* DESCRIPTION OF THE TASK: Below, locate the line that contains "Vyriškas trumpas avikailio paltas". Repeat exactly from that line to the line that contains "男人胸前超酷的彩色狮头纹身图案_胸部纹身图案大全_纹身图吧", inclusive, leaving out the pictures.

EXTRACTED DATA below:

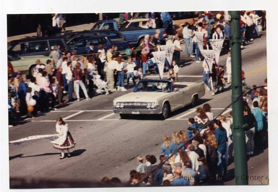 A color photo of Brunswick's 250th anniversary parade. The photo shows a gold colored antique car driving down Maine Street, followed by five people carrying banners that read "Brunswick 250 Years." 10/07/1989
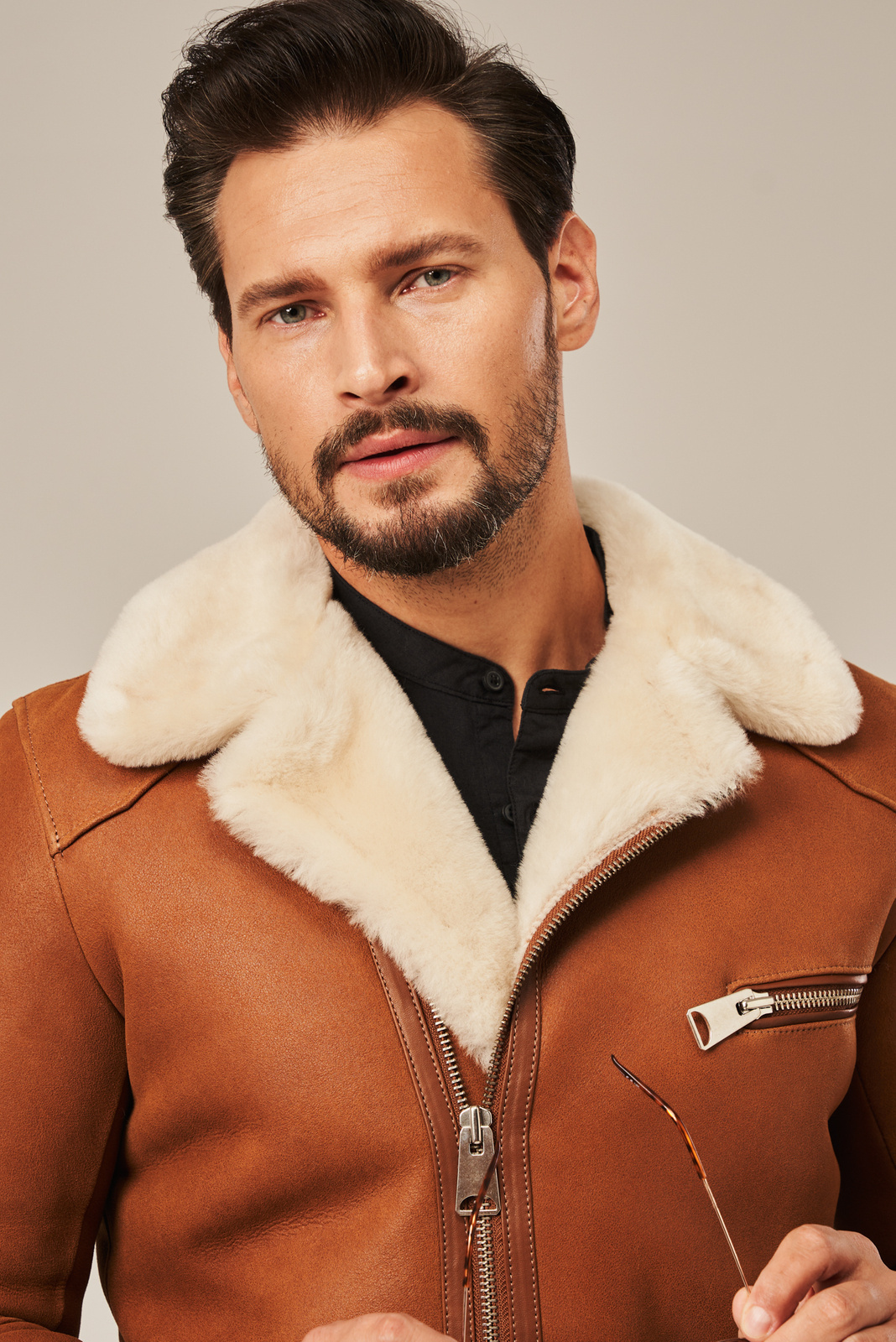 Vyriškas trumpas avikailio paltas
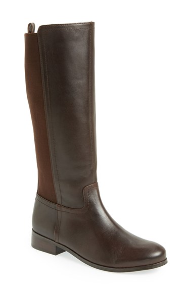 Dual gored panels create a custom fit for a equestrian-style boot cast in a sleek silhouette. Color(s): black, cognac. Brand: Trotters. Style Name: Trotters 'Signature Lucia' Leather Riding Boot (Wide Calf) (Women). Style Number: 852131.
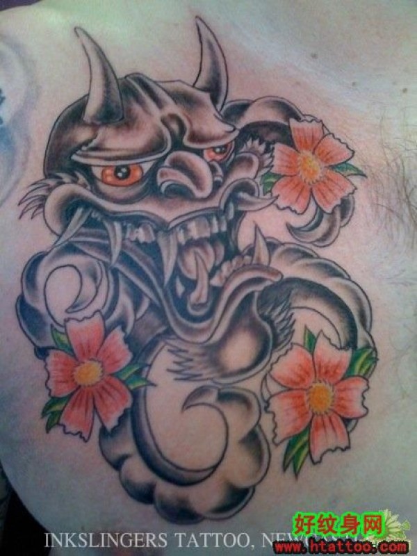 男人胸前超酷的彩色狮头纹身图案_胸部纹身图案大全_纹身图吧
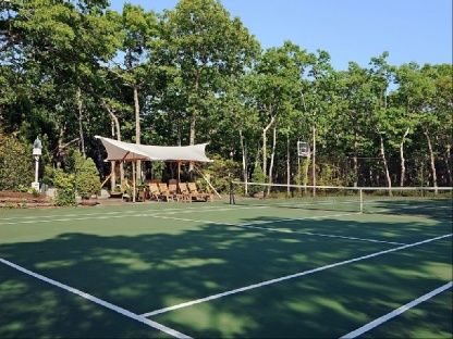 At the end of a private 2000 foot driveway, automatic gates open to this unique 8.4 acre Sagaponack compound. Outdoor features include: private tennis and basketball court, 50 foot gunite infinity edge pool with waterfall and 12 seat spa, a 2,000 square foot outdoor playground, 40 foot custom outdoor kitchen with two grilling stations, sink, refrigerator and wok station, an outdoor covered pit lounge with two HD TV's, and a 100,000 gallon Koi
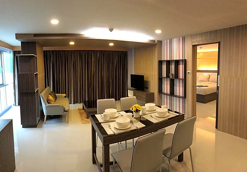 The room is so spacious for 3 people. Complete with kitchen and living room. We stayed for a night just for a concert at Rajamangala Stadium. You can easily walk 2km to the stadium which is quite okay. 7eleven just next to the hotel and a nice coffee shop and big C mini in the same neighborhood.
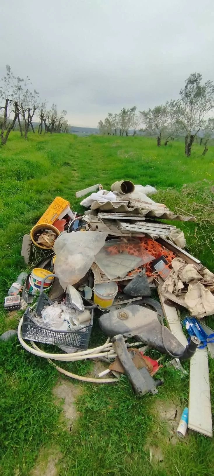 Eternit, calcinacci, batterie ed un serbatoio di auto nel verde di Sovigliana
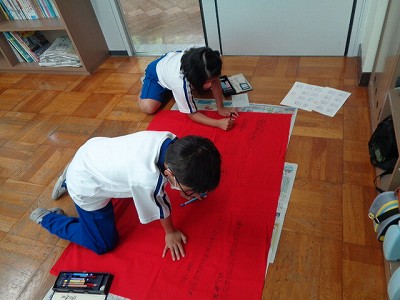 学活では、応援旗作りの続きをしました。先週までに有志の人が応援キャラクターを書いてくれていたので、その周りに一人一人が意気込みを書いていきました。
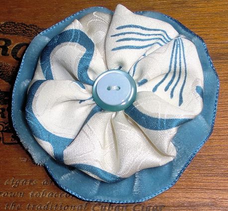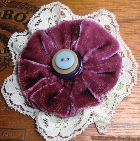 Here’s another flower pin I just finished. It’s got vintage velvet ribbon on the bottom and Japanese silk fabric on the top.
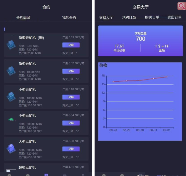 合约大厅实时兑换矿机,我的合约一键领取矿机产量
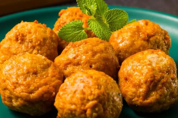 肉圆子、糯米圆子、番薯圆子,加上点点姜蒜,过油炸熟,刚出锅的圆子表皮金黄,外焦里嫩,一口咬下去,回味无穷!
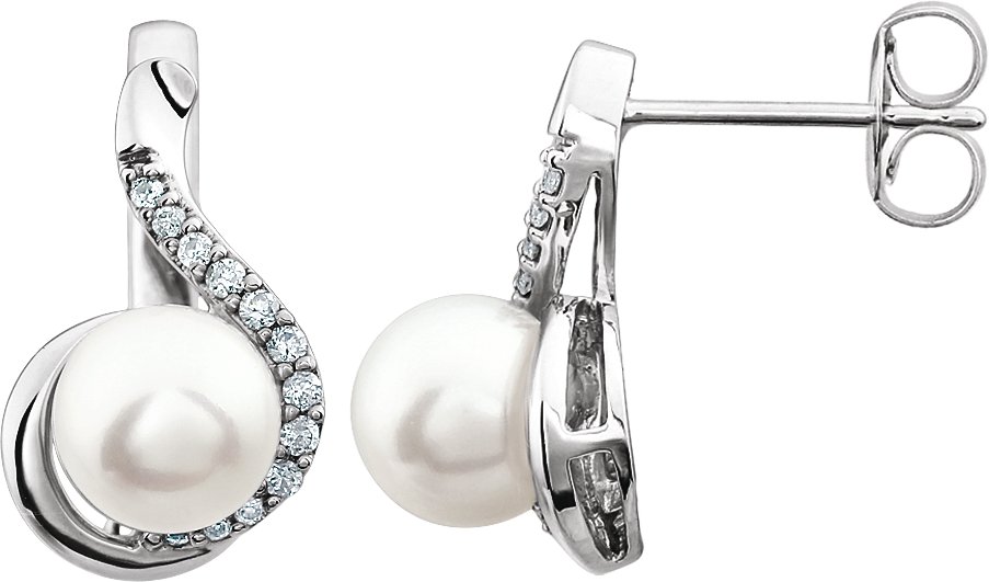 14K White 7 7.5 mm Freshwater Pearl & 1/5 CTW Diamond Earrings
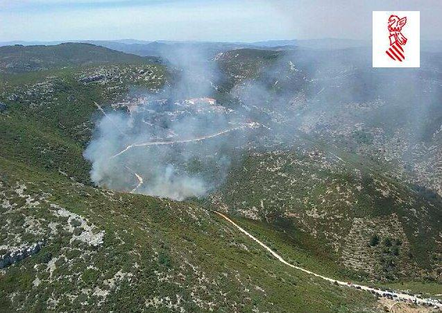 Concretamente, las llamas, que afectaban a la vegetación de la zona, tenía lugar en las inmediaciones de la Ermita de Sant Antoni.
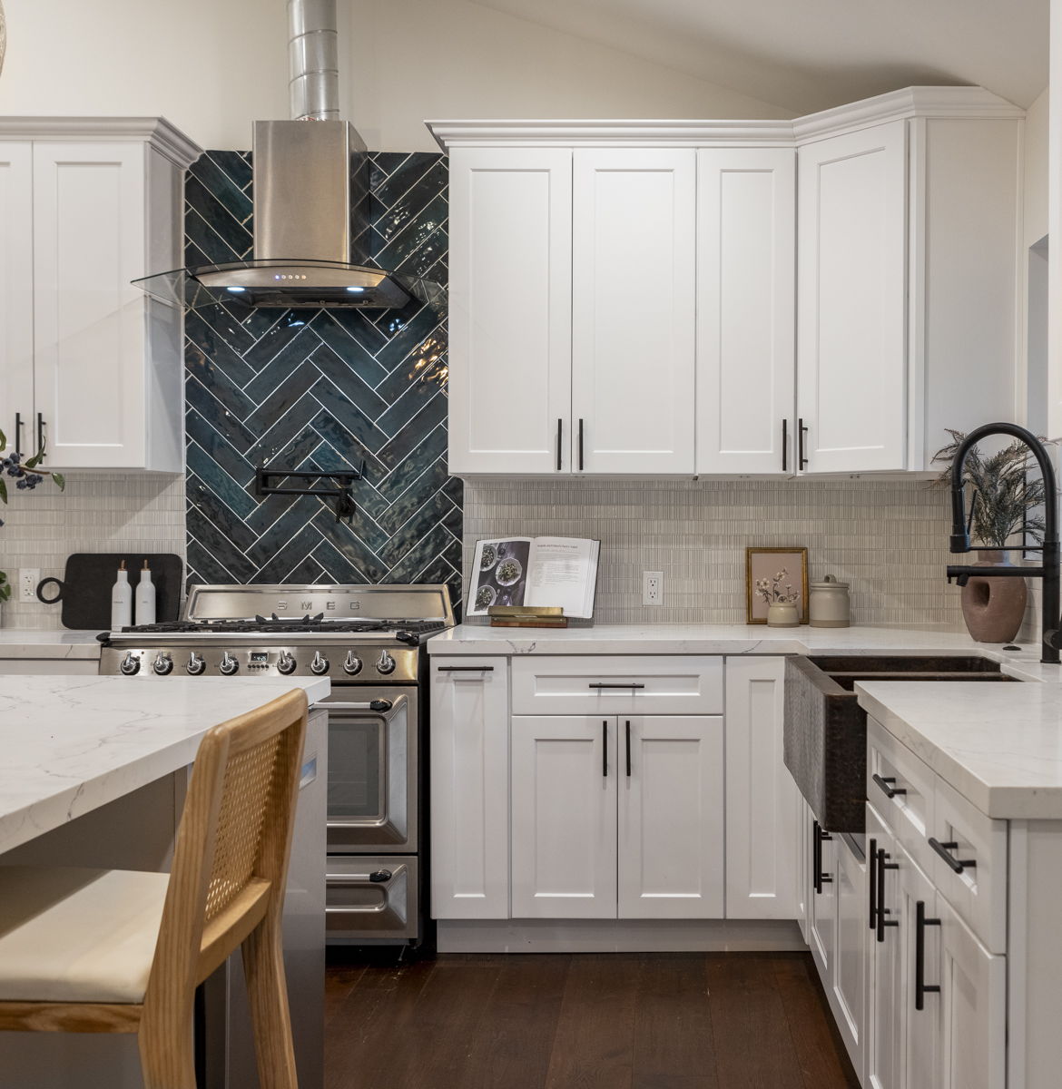 Culinary magic happens effortlessly in this kitchen, equipped with white cabinetry, hammered farmhouse sink, and Italian Smeg range.
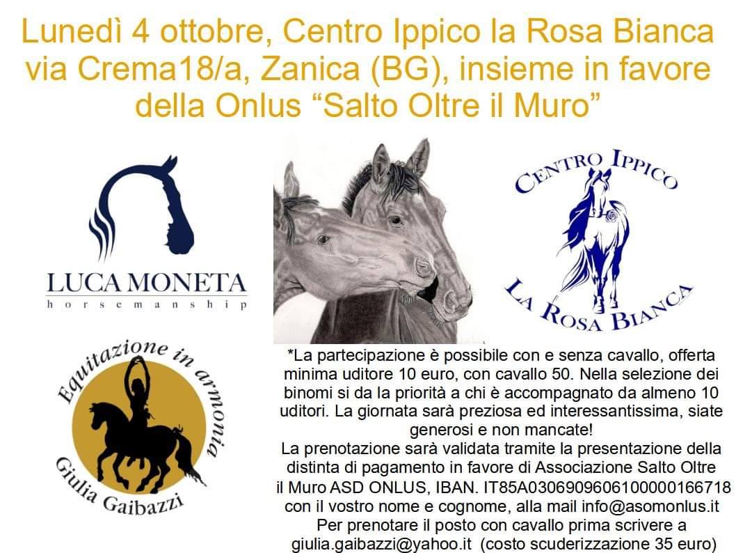 -ritrovo alle 9,15 presso il Centro Ippico La Rosa Bianca, in via Crema 18/A a Zanica (BG), nuova sede dell’ Associazione Oltre il Muro, con il benvenuto del presidente Claudio Villa che illustrerà e racconterà la filosofia di Salto Oltre il Muro.
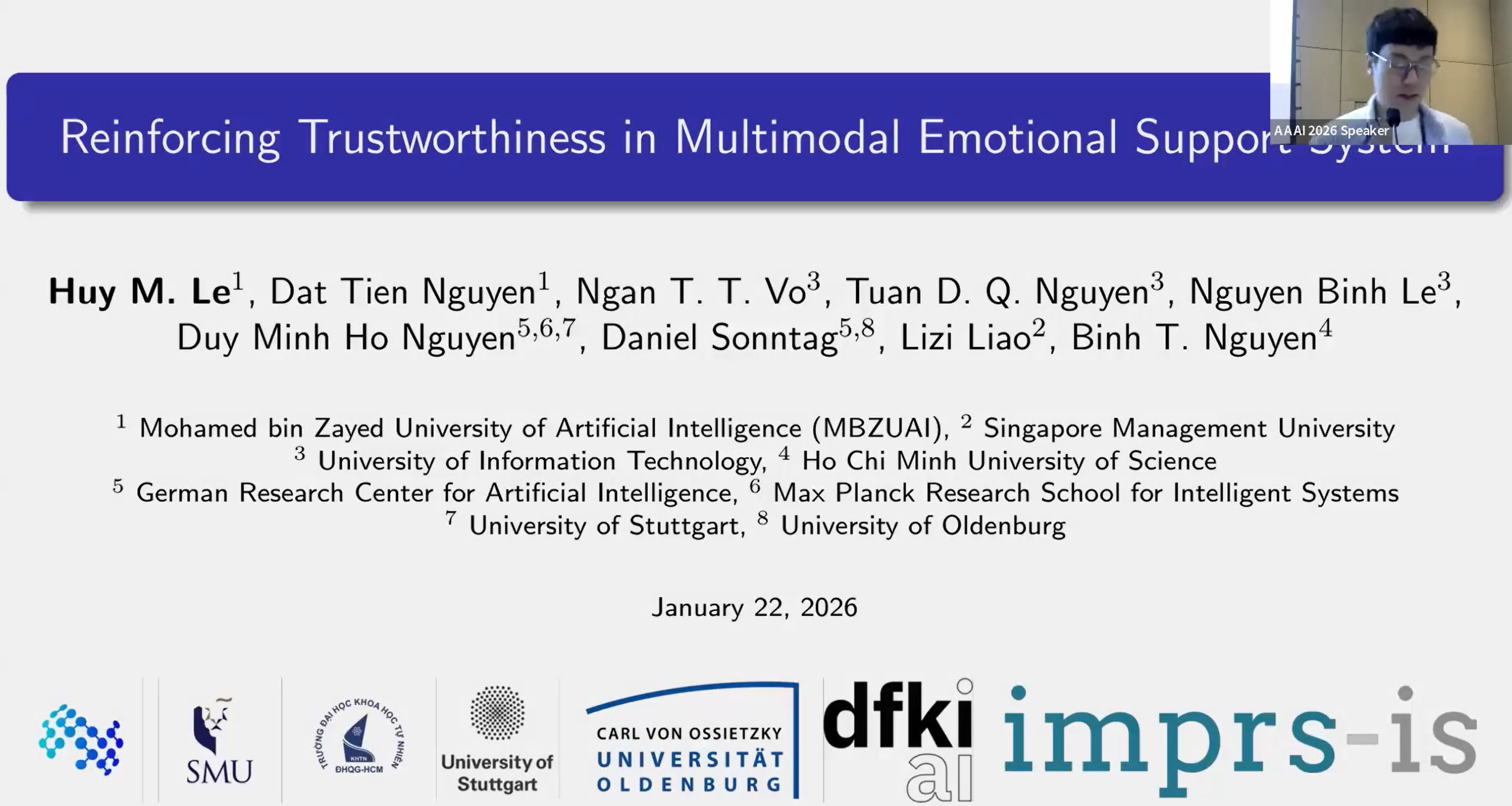 Huy Le presenting the paper “Reinforce Trustworthiness in Multimodal Emotional Support System” at the AAAI conference

End of EXTRACTED DATA.

* TASK OUTPUT:
 Vyriškas trumpas avikailio paltas
 Dual gored panels create a custom fit for a equestrian-style boot cast in a sleek silhouette. Color(s): black, cognac. Brand: Trotters. Style Name: Trotters 'Signature Lucia' Leather Riding Boot (Wide Calf) (Women). Style Number: 852131.
 男人胸前超酷的彩色狮头纹身图案_胸部纹身图案大全_纹身图吧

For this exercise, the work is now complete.